= Gena Johnson =

Gena Johnson is an American music producer and audio engineer. She is a multi-nominee—and the first female nominee—for the Academy of Country Music Awards Audio Engineer of the Year and has won two Grammy Awards.

== Early life ==
She was introduced to audio recording through her grandfather's reel-to-reel recorder and "knew I wanted to do something behind the scenes in music." She sang in church and began classical voice lessons when she was 12. Her grandfather would record her singing and their conversations.

== Career ==
Johnson graduated from Minnesota State University, Mankato in 2012 with a Music Industry degree and moved to Nashville in 2013. After arriving in Nashville, she worked as an intern at recording studio Welcome to 1979 where she "fixed tape machines and consoles." She described her early analog experiences (the studio wasn't using a digital audio workstation) as helping her learn to troubleshoot quickly and "learning how the gear worked to be able to fix technical issues that could arise during sessions." Johnson also worked with Michael Wagener, who had produced music by Metallica and Ozzy Osbourne, as well as with Ben Folds and Dave Cobb at RCA Studio A.

Johnson has worked with artists including John Prine, Kacey Musgraves, Ashley Monroe, Chris Stapleton, Jason Isbell, Kathleen Edwards, and Brandi Carlile and The Highwomen.
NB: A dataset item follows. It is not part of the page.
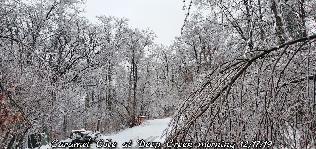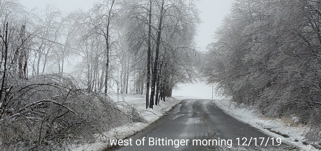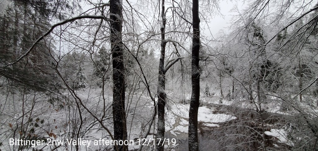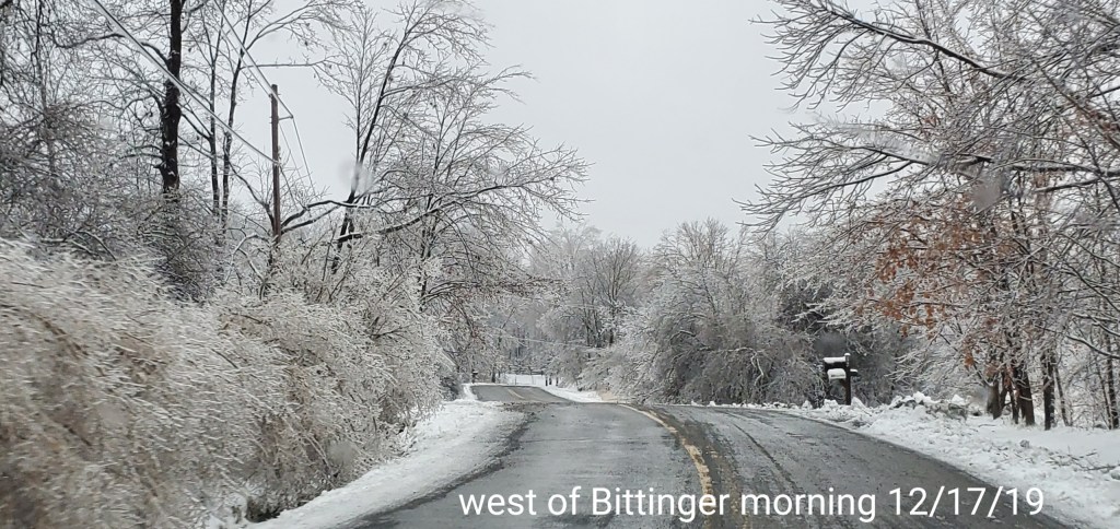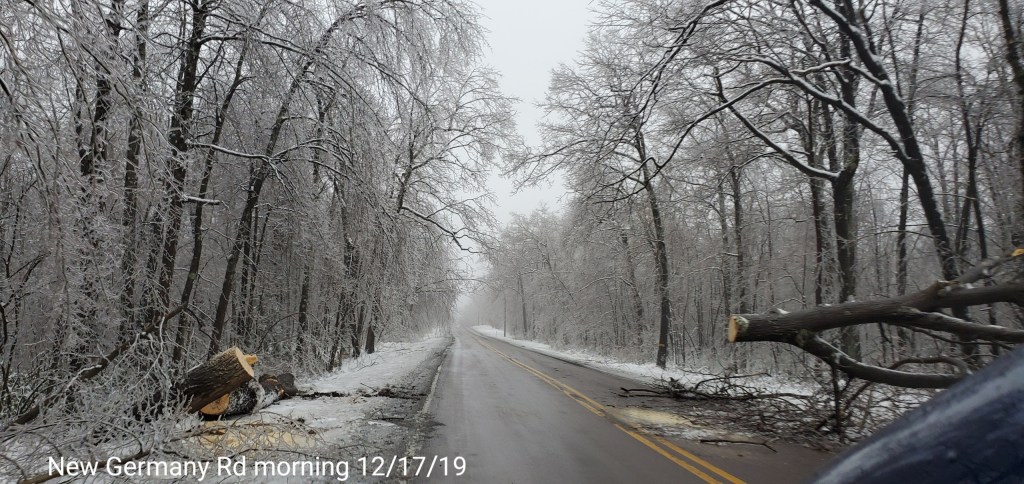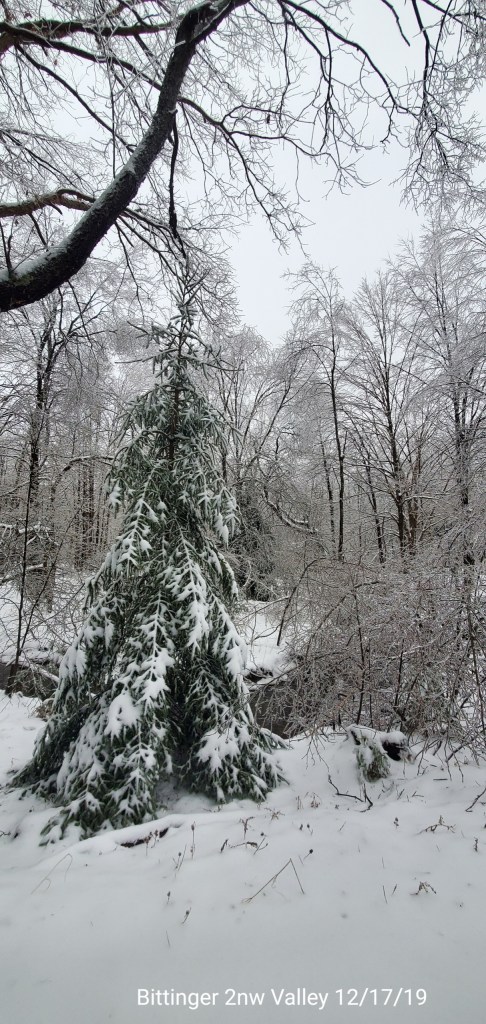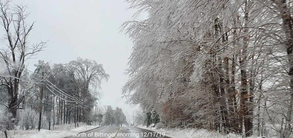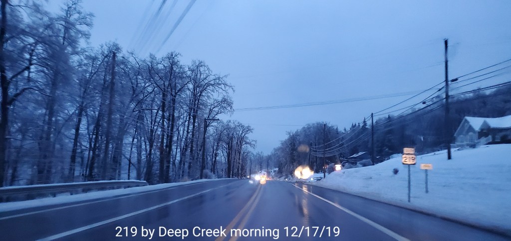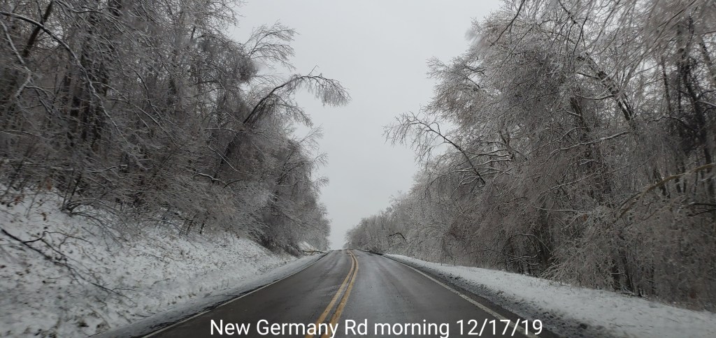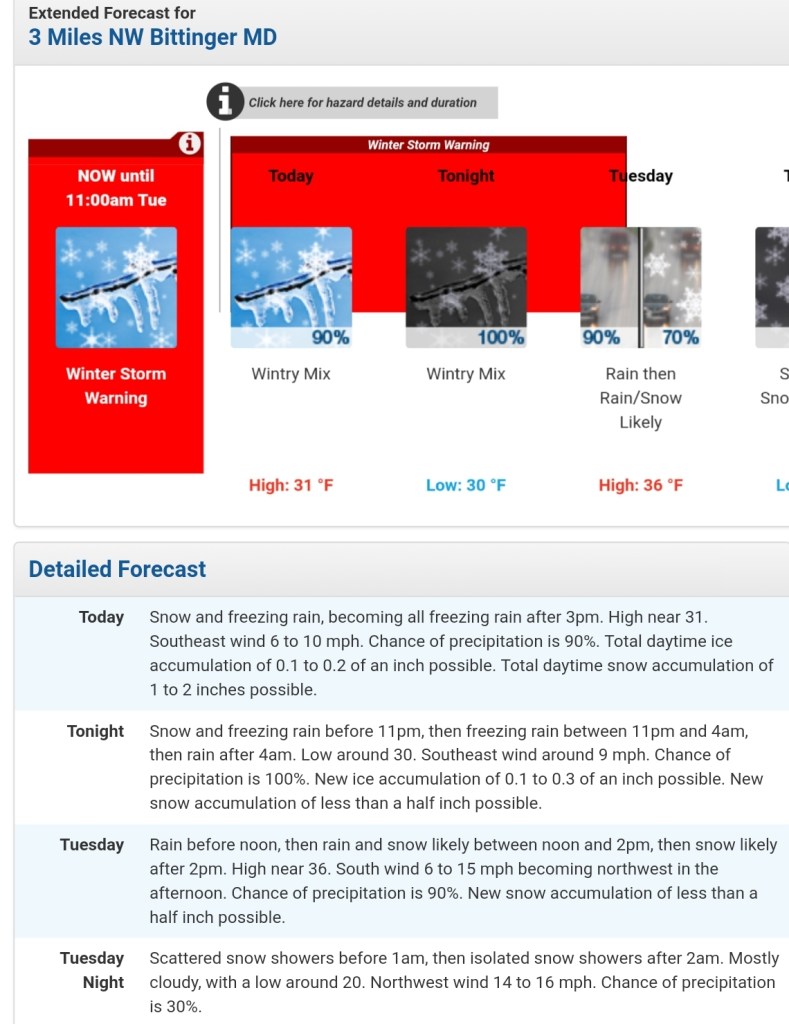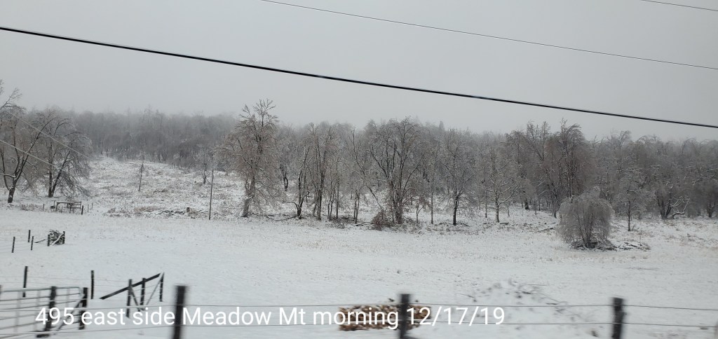 Ice ice baby. Major ice event across the eastern half of Garrett, and in some instances stretched into western Garrett. Overnight as far west as Preston County, before temps moderated there. Trees, limbs began falling 9-10pm and with that, power outages began. Some roadways blocked. All the while, very mild air and a rain out just to the south in Wv. Temps fell to the upper 20s at Mt.Storm early overnight last night, but sat at 50 this morning while below freezing remained in areas in Garrett. A brief surge of milder air came across mid morning, however not enough to scour out the cold in the high valleys in Garrett. The highest elevated areas in the ice zone lost more ice than the lower elevated areas with the brief mild surge that was followed by wind and colder air by midday. Leftover rain today changed to snow early afternoon as the colder air returned. Ice never came off the trees. Some high ground saw a little more melt than valleys in central Garrett with the slightest intrusion of mild air mid morning.

Her first number one was Lee Brice's "I Don't Dance (album)" in 2014 and she engineered John Prine's last vocal session, for "I Remember Everything", which earned two posthumous Grammy Awards.

== Professional awards ==
Johnson has been nominated for Academy of Country Music (ACM) Awards Audio Engineer of the Year in 2021, 2022, and 2023. She was the first female engineer to ever be nominated. She has won two Grammy awards, for Best Americana Album (Jason Isbell and the 400 Unit's "Weathervanes") and for Best Country Album (Chris Stapleton's "Starting Over").